- Work instructions
Which lines of the entries below run from the one holding "Scotland, the men" to the one holding "Tower Begins to Take Shape", inclusive? Set down exactly those lines and no others.
┌─ Data extract
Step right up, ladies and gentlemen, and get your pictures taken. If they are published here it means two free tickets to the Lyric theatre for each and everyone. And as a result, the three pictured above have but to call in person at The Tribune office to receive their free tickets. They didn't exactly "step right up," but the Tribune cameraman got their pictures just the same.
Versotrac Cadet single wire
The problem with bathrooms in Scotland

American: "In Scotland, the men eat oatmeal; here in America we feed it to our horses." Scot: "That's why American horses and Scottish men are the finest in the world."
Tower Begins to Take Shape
└─
┌─ Data extract
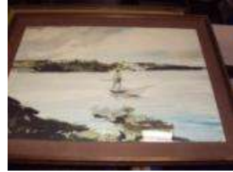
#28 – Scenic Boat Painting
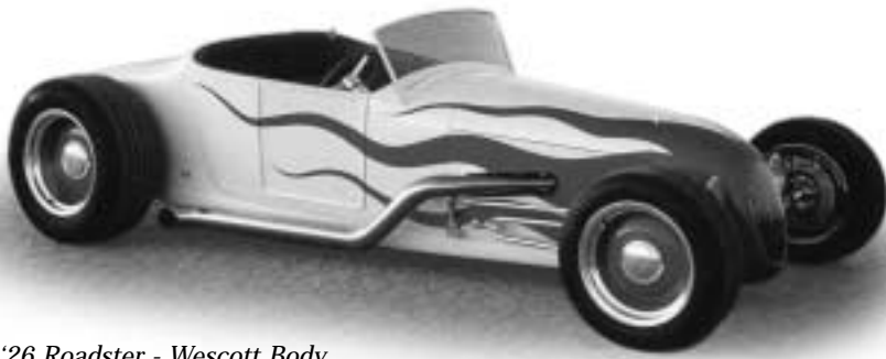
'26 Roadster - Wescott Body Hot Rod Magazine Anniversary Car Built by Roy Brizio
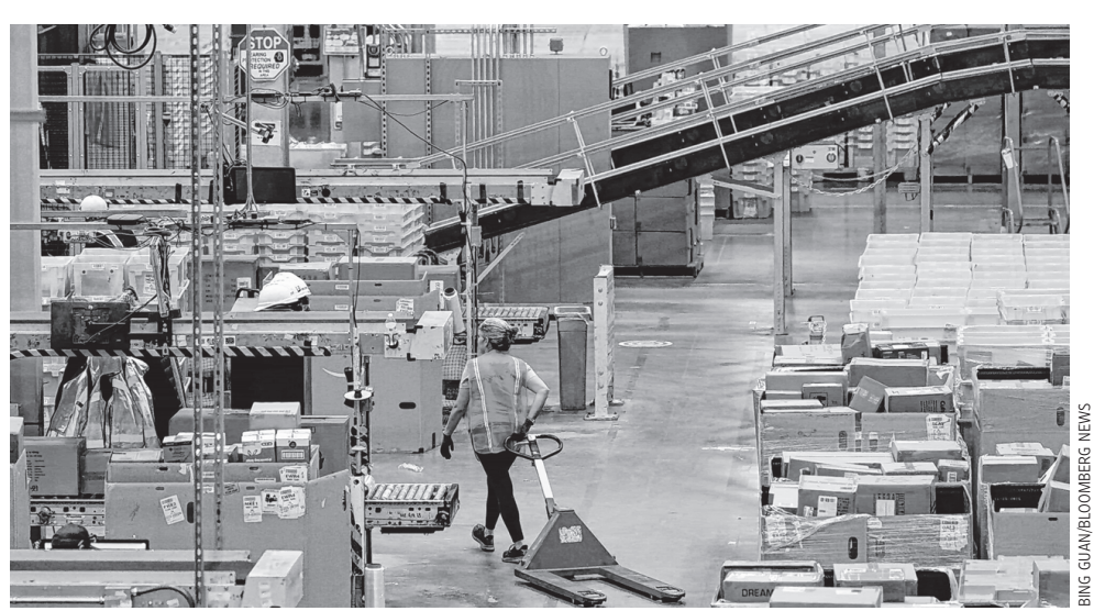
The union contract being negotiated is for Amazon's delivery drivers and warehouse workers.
└─
- Task answer
American: "In Scotland, the men eat oatmeal; here in America we feed it to our horses." Scot: "That's why American horses and Scottish men are the finest in the world."
Tower Begins to Take Shape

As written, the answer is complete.